Продолжались у Петра Яковлевича недоразумения и с родным братом (его именем, Мишель Хрипуновский, Чаадаев иногда шутливо подписывал свои рукописи), хотя тот находился за сотни верст от Москвы и не каждый год писал ему письма. Михаил Яковлевич регулярно, в первых числах января, мая и октября, высылал положенные от давнишнего раздела имения суммы. Однако малейшие неурядицы в сроках получения кредитных билетов вызывают сильное раздражение Петра Яковлевича. Но Чаадаеву грех было жаловаться на Михаила Яковлевича, который в последние годы продолжал ему высылать уже погашенный долг и отказался в его пользу от своей части тетушкиного наследства. Справедливости ради следует отметить, что иногда хрипуновский помещик задерживался с оформлением нужных Чаадаеву бумаг в Опекунский совет или Воспитательный дом. Но это случалось редко и объяснялось своеобразием его образа жизни, о котором «басманный философ» мог лишь смутно догадываться по рассказам приезжавших из-под Нижнего Новгорода крестьян, ибо брат в письмах, как правило, говорил исключительно о делах и почти никогда не рассказывал о себе.

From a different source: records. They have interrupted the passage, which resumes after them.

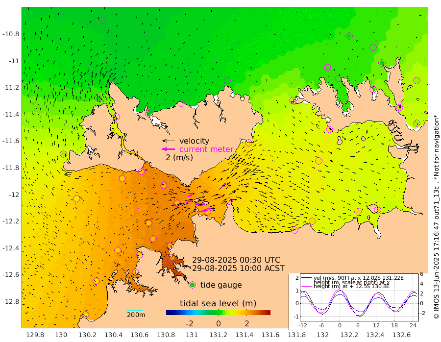 144cm/s 78T +4cm/s rms + 6cm/s 51T. Darwin_C1 52m 107cm/s 92T +4cm/s rms + 7cm/s -161T. Darwin_CW1 22m 93cm/s 73T +4cm/s rms + 8cm/s 61T. Darwin_CW2 34m 90cm/s 44T +3cm/s rms + 9cm/s 98T. Darwin_CW3 22m 160cm/s 89T +5cm/s rms + 7cm/s 88T. Darwin_C3 56m 71cm/s 66T +2cm/s rms + 9cm/s -126T. Darwin_CTbW 22m 9cm/s 34T +1cm/s rms + 1cm/s -47T. DARBGF 30m 11cm/s 4T +4cm/s rms + 3cm/s 80T. NRSDAR 19m -21cm Goodrich Bank 126cm Point Jenny 124cm Native Point 146cm Fish Reef 153cm Tapa Bay 47cm Point Fawcett (Offshore) 173cm Burge Point 144cm Munkunuwa 101cm Beagle A 183cm Parsons Bank 162cm Fenton Patches 179cm Hancox Shoal Area 185cm Nightcliff 209cm Darwin 178cm Charles Point Patches 161cm Glyde Point 145cm Chambers Bay 144cm Point Stuart 143cm Cape Hotham 128cm Christine Reef 155cm West Alligator Head 149cm East Field Island 127cm Two Hills Bay 119cm Camp Point 161cm Medina Inlet South 43cm South Barlow Point 9cm St. Asaph Bay -20cm Cape Van Dieman -5cm Snake Bay -14cm Cache Point 9cm Point Jahleel (Off) 66cm Cape Don 26cm Port Essington 24cm Smith Point - West 24cm NW Peacock Island 8cm North Of Jones Shoal 6cm Peacock Island 51cm Point David 31cm D'urville Point 55cm Copeland Island 53cm One Tree Point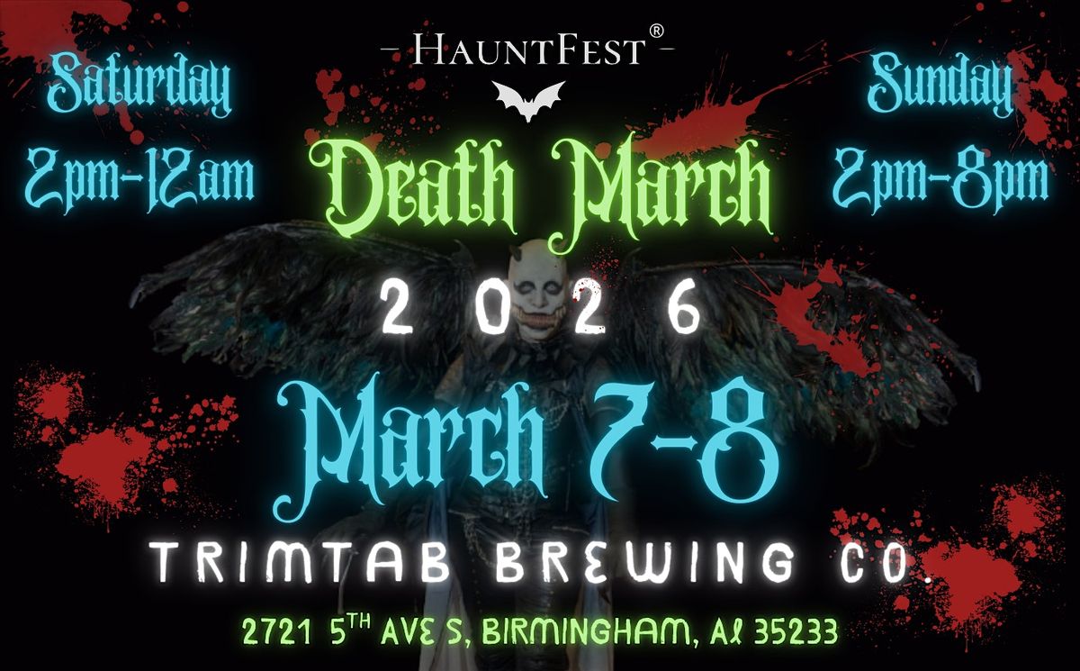 Welcome to HauntFest, where we summon the spirit of horror and Halloween all year round! Immerse yourself in the macabre delights of live music, art vendors, spine-chilling entertainment, and bewitching activities. This fiendish affair beckons dark spirits, midnight wanderers, witchy souls, and the eternally restless. It’s a dead man’s party! Join us in person for the ultimate spooky festival at HauntFest Death March 2026. This isn’t your average fest – it’s a thrilling, spine-tingling event filled with eerie surprises, creepy costumes, and a whole lot of fun. Whether you're a horror fan or just looking for a wild experience, this event is for you. Don’t miss out on the chills and laughs – come make some unforgettable memories!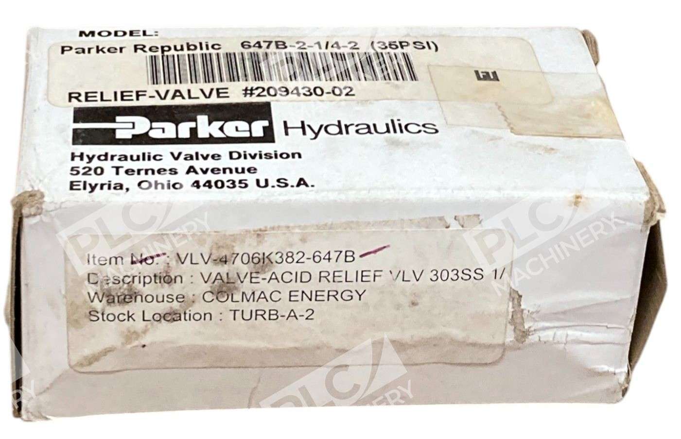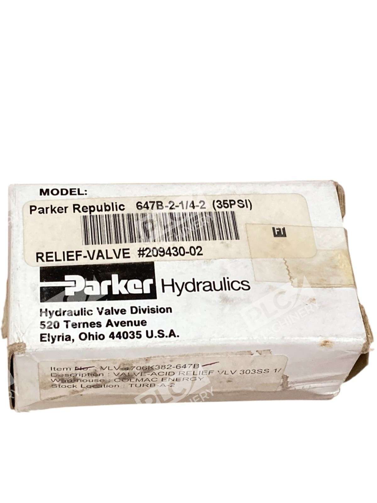 Parker 303SS 36PSI Acid Relief Valve 647B-2-1/4-2

А жизнь Михаила Яковлевича так и не складывалась. Он все не находил в ней существенного, просветляющего любую деятельность смысла, что усиливало его пристрастие к вызывавшим забвение привычным средствам.
В реальных и возможных болезнях он видел предвестия грядущей смерти, страшащей его физическими страданиями. «Тяжелой смерти по слабости своей боюсь», — с беспощадной откровенностью замечал он в дневнике и умолял: «Не о ниспослании благ земных прошу — даже не о продлении жизни, но молю, не слишком трудную смерть даруй мне».
И опять-таки для избавления от тягостных раздумий и беспокоящих недугов Михаил Яковлевич прибегал к одновременно ненавистному и желанному «лекарству», лишь на время избавлявшему от тоски, а затем усугублявшему ее.
Когда уездное дворянство призывало его к какой-либо деятельности, он сказывался больным и часто использовал этот предлог для отклонения свиданий с неугодными ему лицами. Лишь с управляющим Петром Синицыным и женой Ольгой Захаровной Михаил Чаадаев находился в тесном общении, в котором вспышки раздражительности и даже гнева чередовались с сердечным и ласковым обхождением.